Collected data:
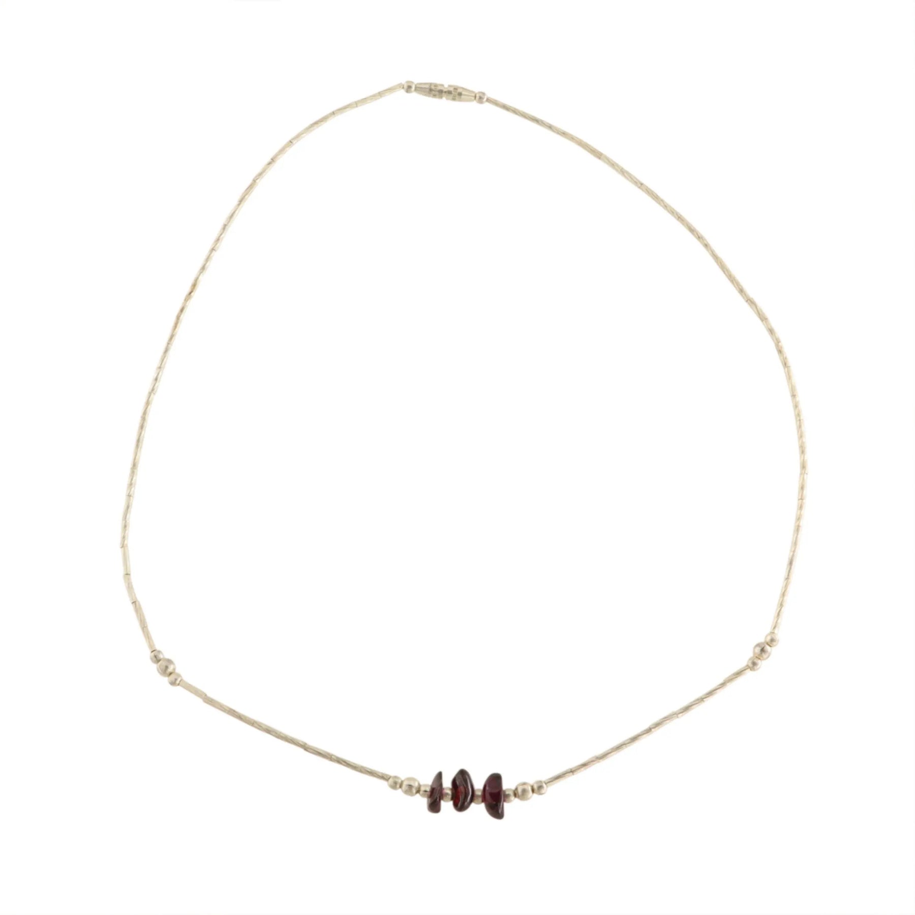 1. Granatkette: Diese Halskette ist 40 cm lang und ist mit tiefem roten Granatapfelstein geschmückt, der für ihre Schönheit und Tiefe bekannt ist.
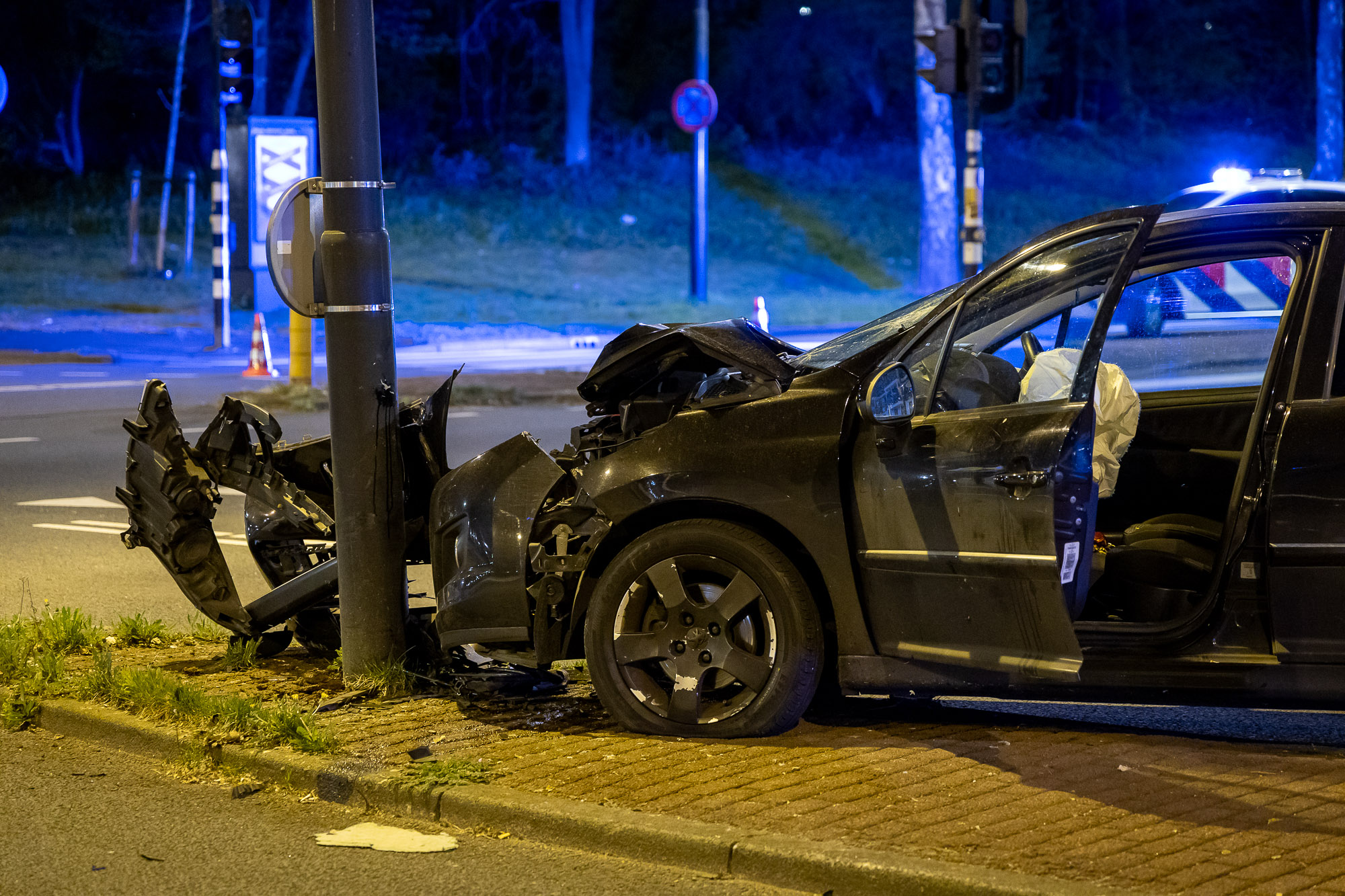 Auto ramt lantaarnpaal, bestuurder met spoed naar ziekenhuis
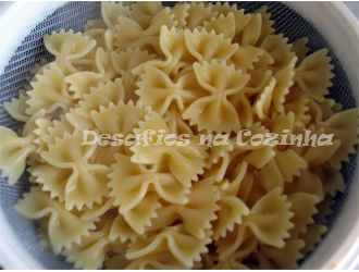 2. Quando a massa estiver cozinhada, escorra-a num passador e solte-a para que as massas não se peguem uma às outras. Reservar.
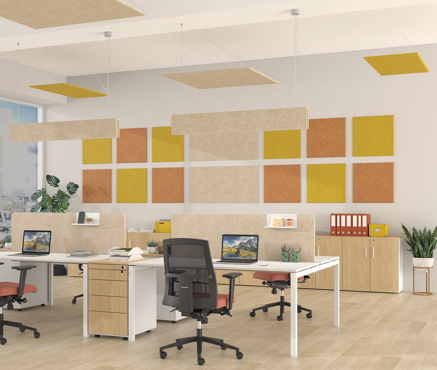 Les systèmes acoustiques de DROMEAS offrent une absorption sonore optimale sur les murs et les plafonds où ils sont installés. Fabriqués en PET à 100 % et d’une épaisseur de 18 mm, ils améliorent l’acoustique des espaces en absorbant les ondes sonores, en régulant la réverbération et en réduisant les bruits gênants, en particulier dans les lieux où la concentration de personnes accentue le problème des réflexions sonores. Parallèlement, leur esthétique contemporaine, disponible dans une variété de modèles et de couleurs, contribue à créer un environnement de travail agréable et harmonieux.
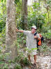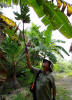 On the trail to the finca, Dulce Nombre, Philip inspects a tree that contains a machete slash tally of.....? Visitors? Lunchmates? |
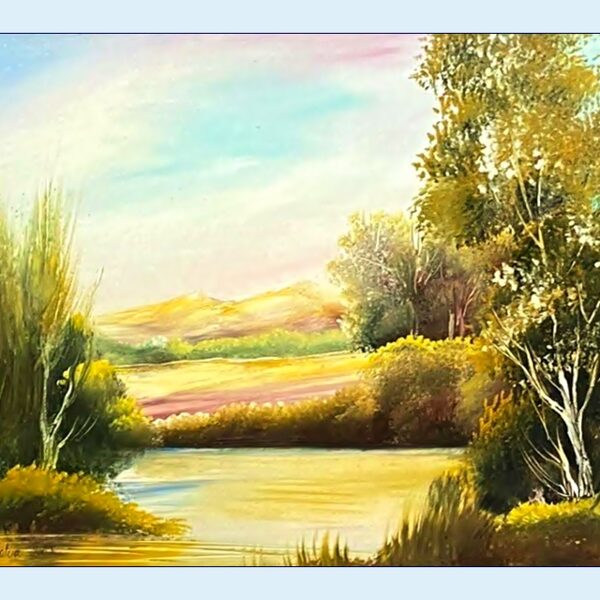 Virágzó fa a tóparton 20x30cm
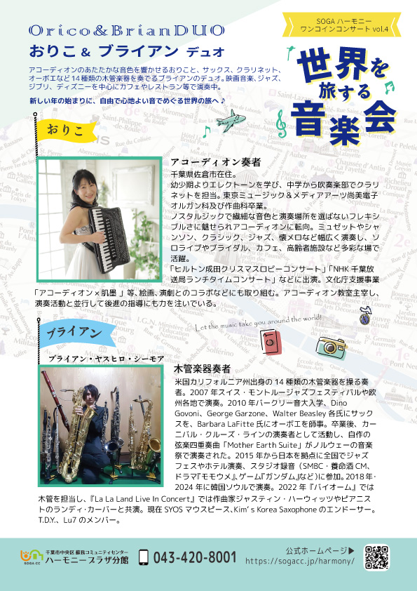 アコーディオンのあたたかな音色を響かせるおりこと、サックス、クラリネット、オーボエなど14種類の木管楽器を奏でるブライア ンのデュオ。新しい年の始まりに、自由で心地よい音でめぐる世界の旅へ出かけませんか?
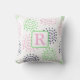 Coussin Monogramme aquarelle rose navy vert motif floral
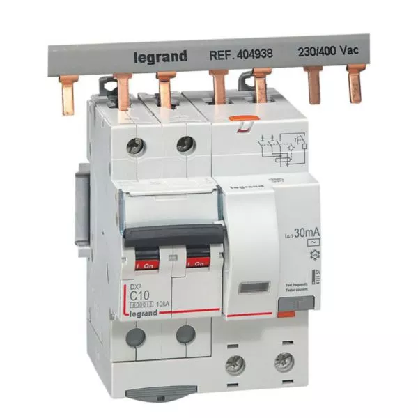 - Disjoncteur différentiel monobloc DX³ bipolaire 230V~ à 400V~ pouvoir de coupure :
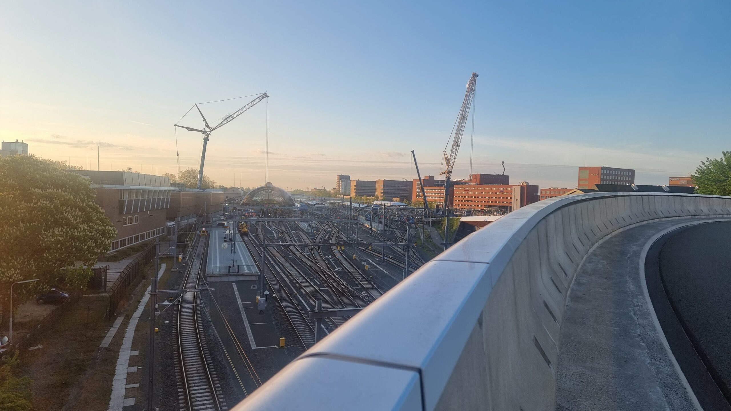 De busbrug geeft je rond 12 uur een prachtig zicht op het inhijsen van de eerste brugligger. Ook aan de zuidkant van het station, achter het P&R-terrein, kun je de hele klus bekijken.
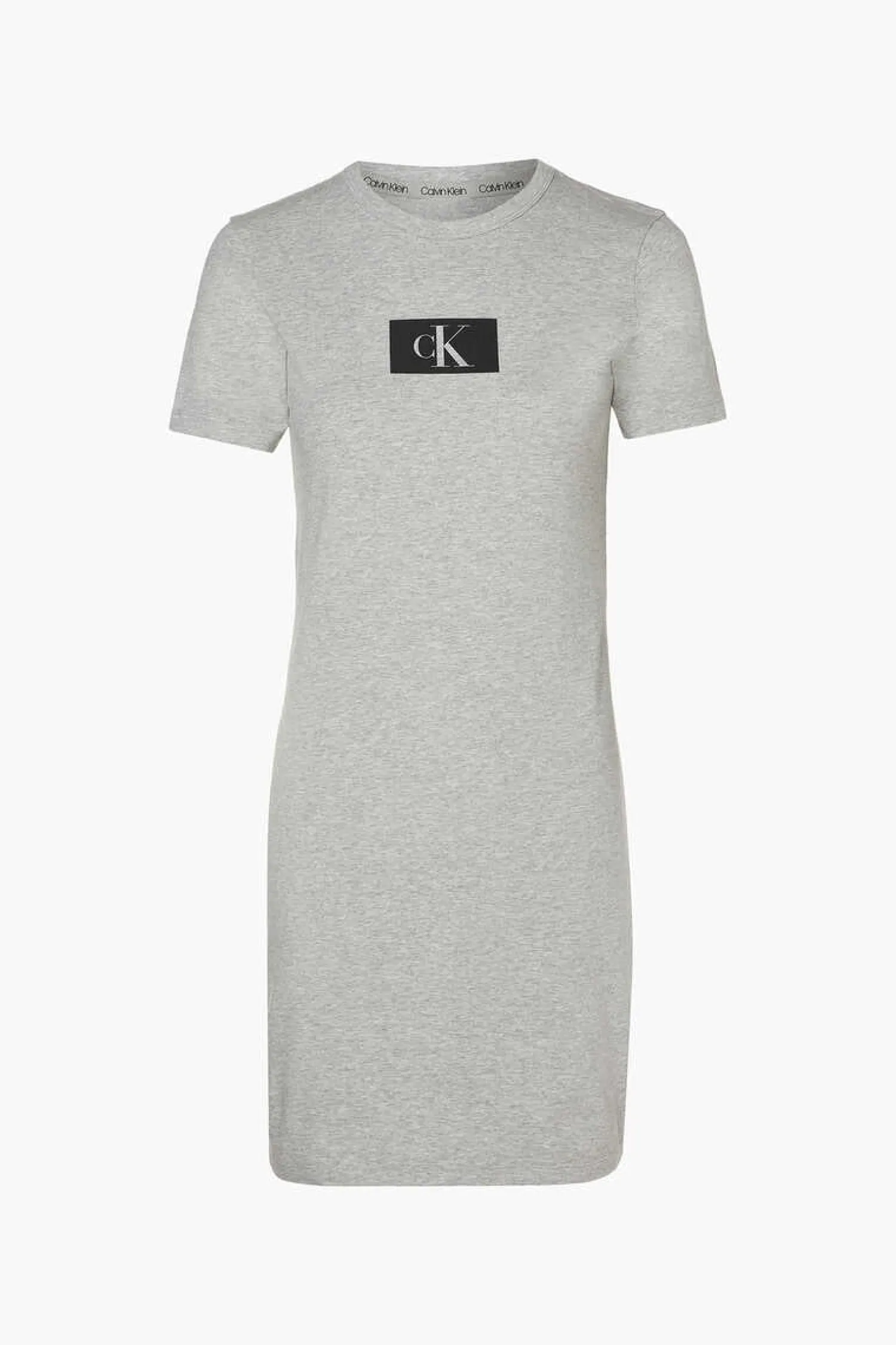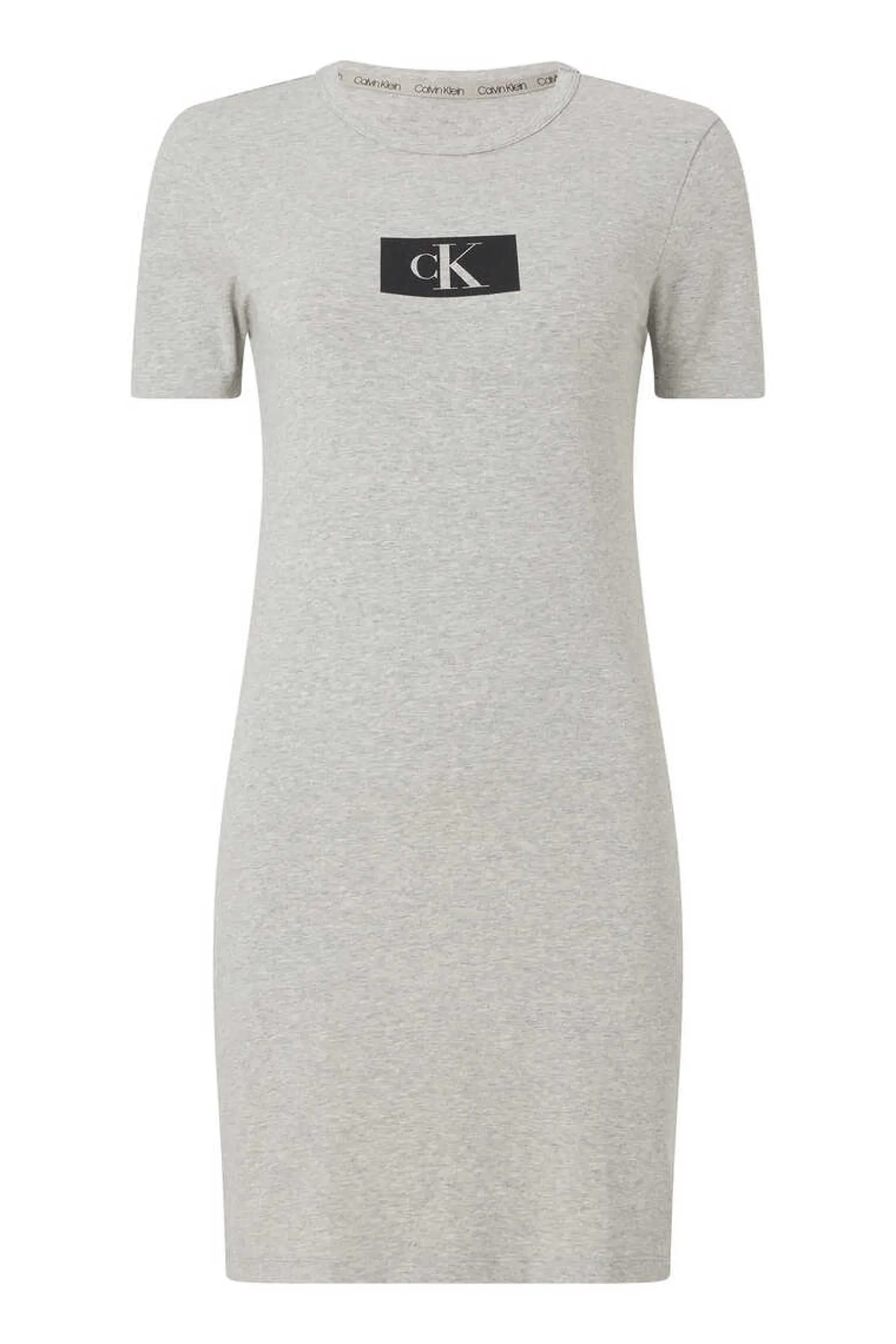 Camisa De Dormir Em Malha De Algodao Elastica, Gola Redonda, Manga Curta E Logo Da Calvin Klein Estampado No Peito.

● **What you need to do**
Reproduce exactly the lines above starting at the line containing "Virágzó fa a tóparton 20x30cm" and ending at the line containing "De busbrug geeft", including both, but not the pictures.

● **Solution**
 Virágzó fa a tóparton 20x30cm
 アコーディオンのあたたかな音色を響かせるおりこと、サックス、クラリネット、オーボエなど14種類の木管楽器を奏でるブライア ンのデュオ。新しい年の始まりに、自由で心地よい音でめぐる世界の旅へ出かけませんか?
 Coussin Monogramme aquarelle rose navy vert motif floral
 - Disjoncteur différentiel monobloc DX³ bipolaire 230V~ à 400V~ pouvoir de coupure :
 De busbrug geeft je rond 12 uur een prachtig zicht op het inhijsen van de eerste brugligger. Ook aan de zuidkant van het station, achter het P&R-terrein, kun je de hele klus bekijken.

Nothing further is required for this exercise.